TRY IT> The copy you return should hold only the lines from the top of the data below through the line with "Crafted with 15/12mm", each duplicated exactly and with no pictures.

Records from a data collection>
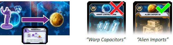 The Purple player moves their research drone to a Desert planet and obtains the available "Alien Imports" card as its Planet type matches the destination planet. They may not obtain "Warp Capacitors" even though their research drone is on an Oceanic planet, as a Research drone must be move to obtain a Technology.
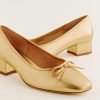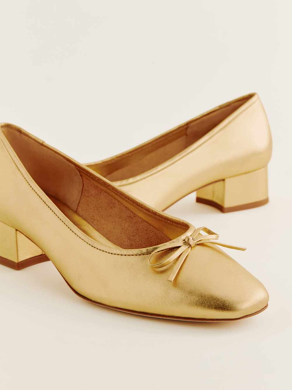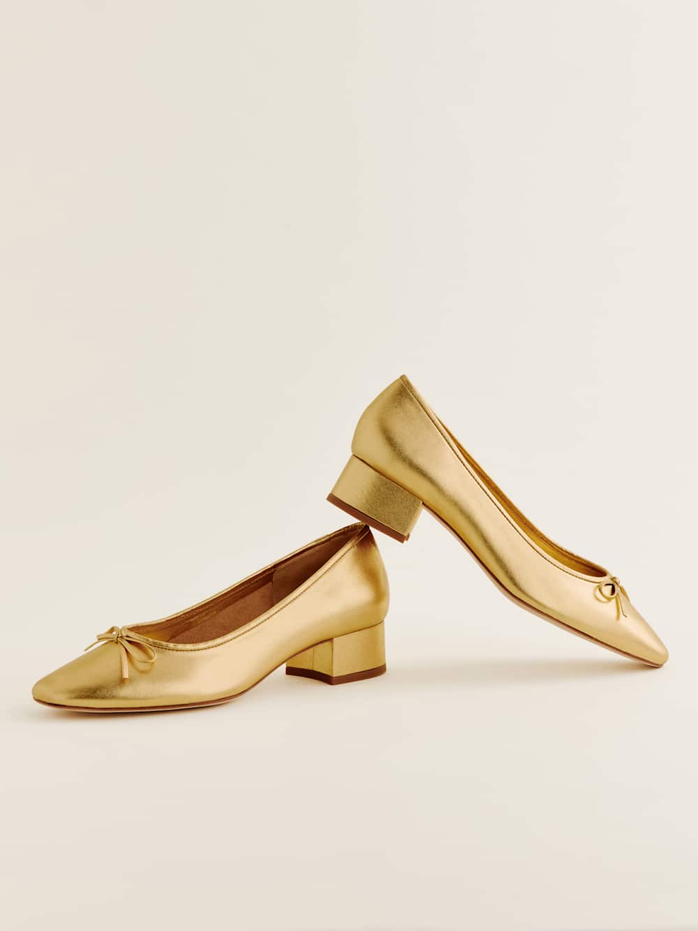 Wear me. Shop the Terry Ballet Pump from Reformation, a heeled ballet pump with a round toe and bow detailing.
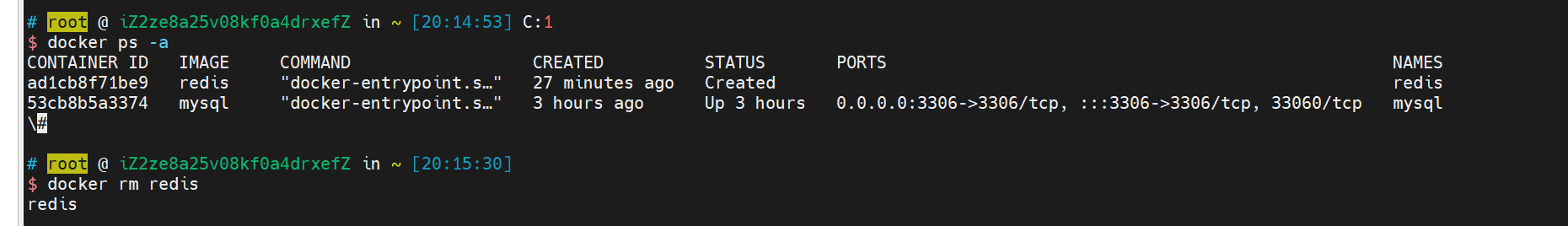docker rm -f mysql
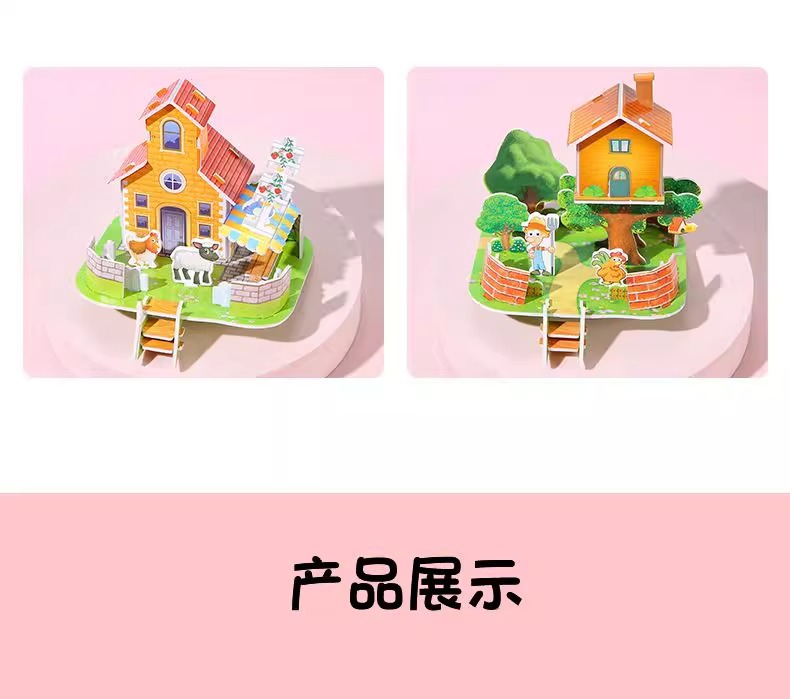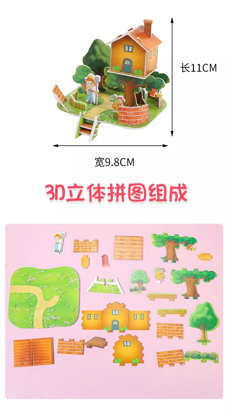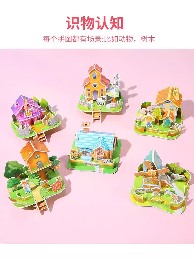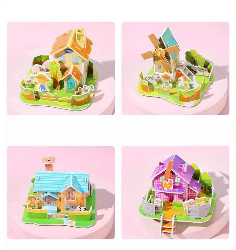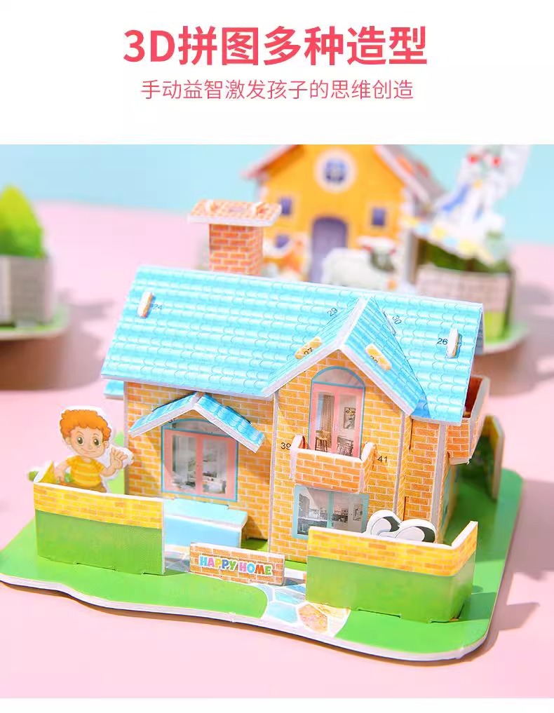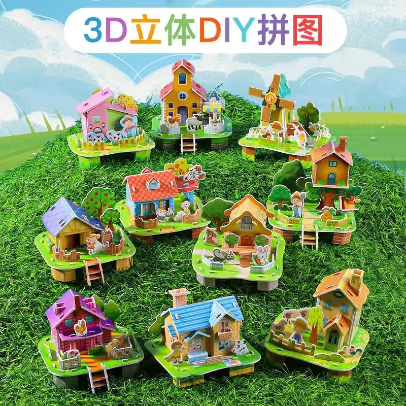 만화 3D 입체 작은 집 퍼즐 3-6 세 어린이 DIY 퍼즐 수제 미니 조립 모델 장난감 도매
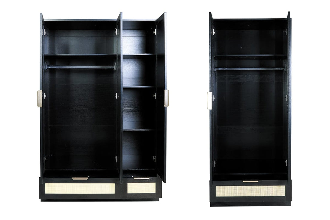 Crafted with 15/12mm particle board wrapped in sleek melamine paper, these wardrobes aren't just eye candy. They're built to last, ready to hold your treasures securely. Each door and drawer is adorned with beautiful rattan decoration, bringing that laid-back, earthy vibe right into your bedroom. It's industrial chic meets tropical retreat! With ample storage space hidden behind its enchanting exteriors, you'll have plenty of room for everything. It's like having your boutique!
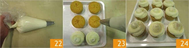 Transférez la crème dans une poche à douille avec une douille dentelée de 15 mm 22. Récupérez les cupcakes, garnissez-les sur le dessus avec la crème au beurre 23 et la cannelle en poudre. Les cupcakes à la citrouille et aux carottes sont prêts à être dégustés 24.

SOLUTION TO THIS EXERCISE>
 The Purple player moves their research drone to a Desert planet and obtains the available "Alien Imports" card as its Planet type matches the destination planet. They may not obtain "Warp Capacitors" even though their research drone is on an Oceanic planet, as a Research drone must be move to obtain a Technology.
 Wear me. Shop the Terry Ballet Pump from Reformation, a heeled ballet pump with a round toe and bow detailing.
docker rm -f mysql
 만화 3D 입체 작은 집 퍼즐 3-6 세 어린이 DIY 퍼즐 수제 미니 조립 모델 장난감 도매
 Crafted with 15/12mm particle board wrapped in sleek melamine paper, these wardrobes aren't just eye candy. They're built to last, ready to hold your treasures securely. Each door and drawer is adorned with beautiful rattan decoration, bringing that laid-back, earthy vibe right into your bedroom. It's industrial chic meets tropical retreat! With ample storage space hidden behind its enchanting exteriors, you'll have plenty of room for everything. It's like having your boutique!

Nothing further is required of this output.